The question was also dealt with by the Court of Justice of the European Communities in Collins [2004] ECR 1 - 2703. At paragraph 73 of its judgment, the Court held that the right to equal treatment provided in the Treaties:-

      "... does not preclude national legislation which makes entitlement to a jobseeker's allowance conditional on a residence requirement, in so far as that requirement may be justified on the basis of objective considerations that are independent of the nationality of the persons concerned and proportionate to the legitimate aim of the national provisions."

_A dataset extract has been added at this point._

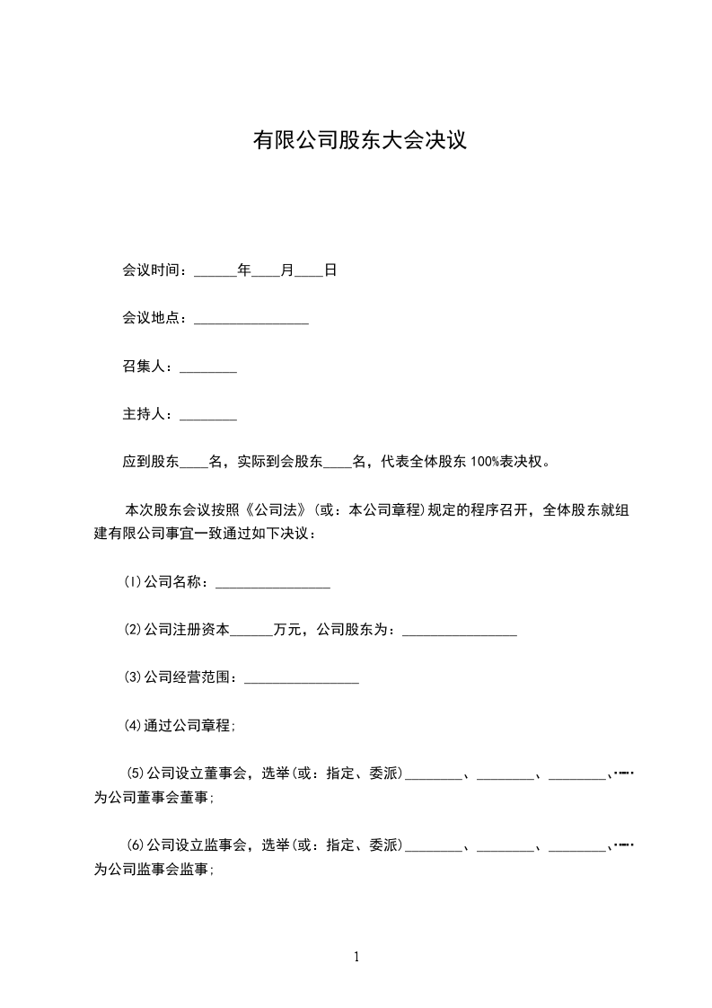 公司股东会成员 人,出席本次会议的股东 人,代表公司股东 %表决权,所作出的决议经公司股东表决权 %同意通过,符合《中华人民共和国公司法》和本公司章程的规定。决议内容如下:
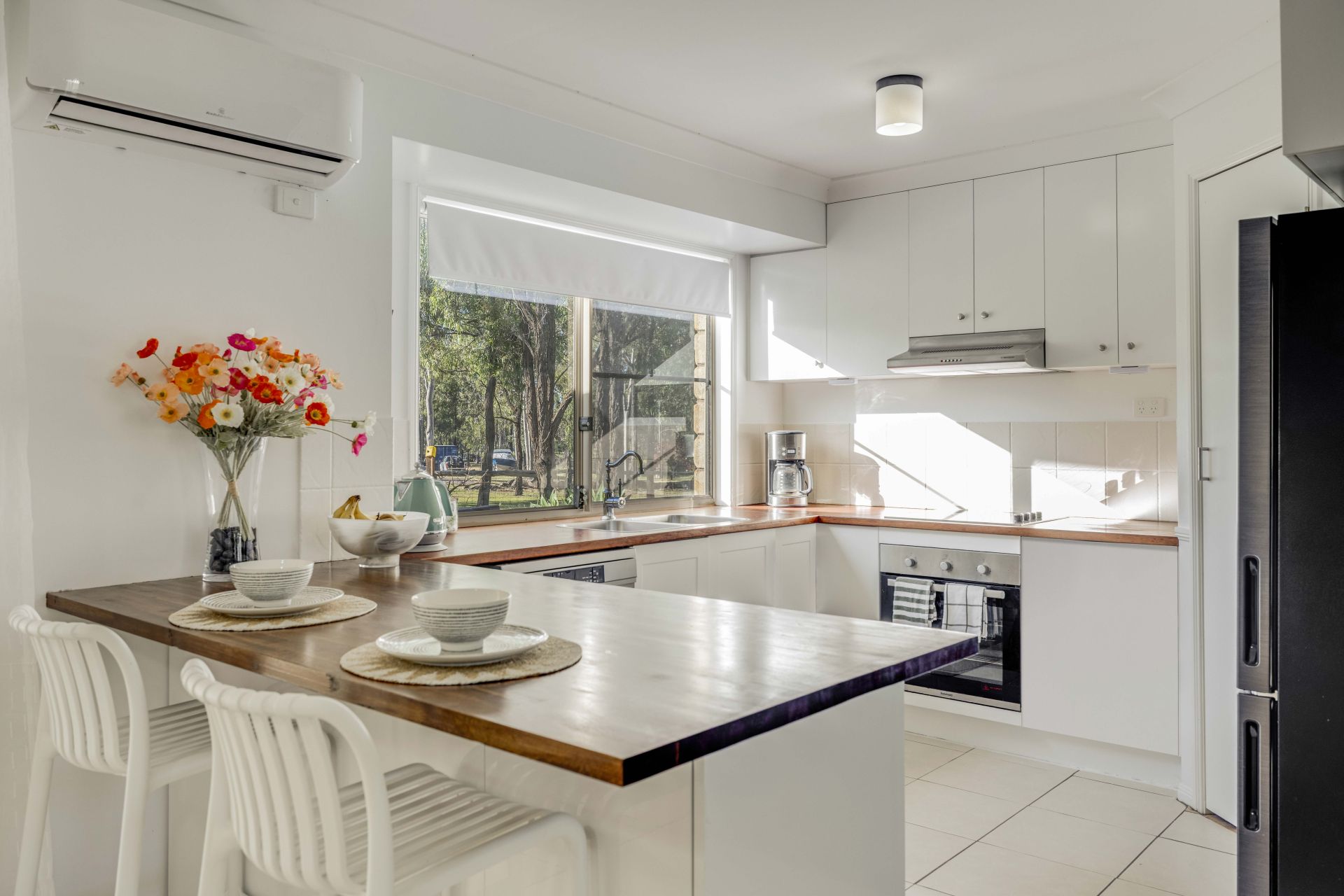 The home itself is neatly presented, reflecting a warm and welcoming farmhouse aesthetic with a modern twist. At its heart, the renovated kitchen boasts timber benchtops, a large pantry, soft-close cabinetry, electric cooking appliances, and a dishwasher. The combined living and dining spaces flow seamlessly—light-filled and comfortable with reverse cycle air conditioning, it’s a home that feels instantly lived in and loved. The renovated bathroom with an extended shower adds to the convenience, and all bedrooms are equipped with new carpet, built-in robes and ceiling fans, designed with low-maintenance living in mind.

The respondents state that it has always been and it remains the State's view that those without a right to reside in the State should not have access to social welfare entitlements and thus have made this a requirement in s. 246 cited above. I accept the respondents' argument that this provision is objectively justified in the interests of preserving the limited resources of this State in funding its social welfare system. This clearly is a logical and reasonable rationale, is one that stands independent of the nationality of the applicants herein because it applies to all citizens of Member States other than Ireland regardless of their nationality and seems proportionate to the legitimate aim of best using the limited resources of the State. Moreover, I consider that the judgment of Dunne J. in the case of Petru Solovastru and Aurica Solovastru v. Minister for Social Protection & Ors. (High Court, 9/06/2011) is also determinative of this case. Dunne J. (at paragraph 24) stated:-
      "A right of an EU citizen to reside in another Member State is not unrestricted. It is governed by the 2004 Directive in this country, that Directive has been implemented by the 2006 Regulations ...."
6.5 In the light of the above findings I do not think the question as to whether the applicants are still self-employed arises. They are both, in fact, no longer employed in any work at all. They have never been employed by anyone or anybody in the State. Furthermore, I fail to see the significance of whether the Jobseeker's Allowance is social security or social assistance. If the applicants obtain access to any support from the social welfare system of the State, then they have become a financial burden upon it.

6.6 For all the above reasons, the applicants are not entitled to the reliefs sought herein.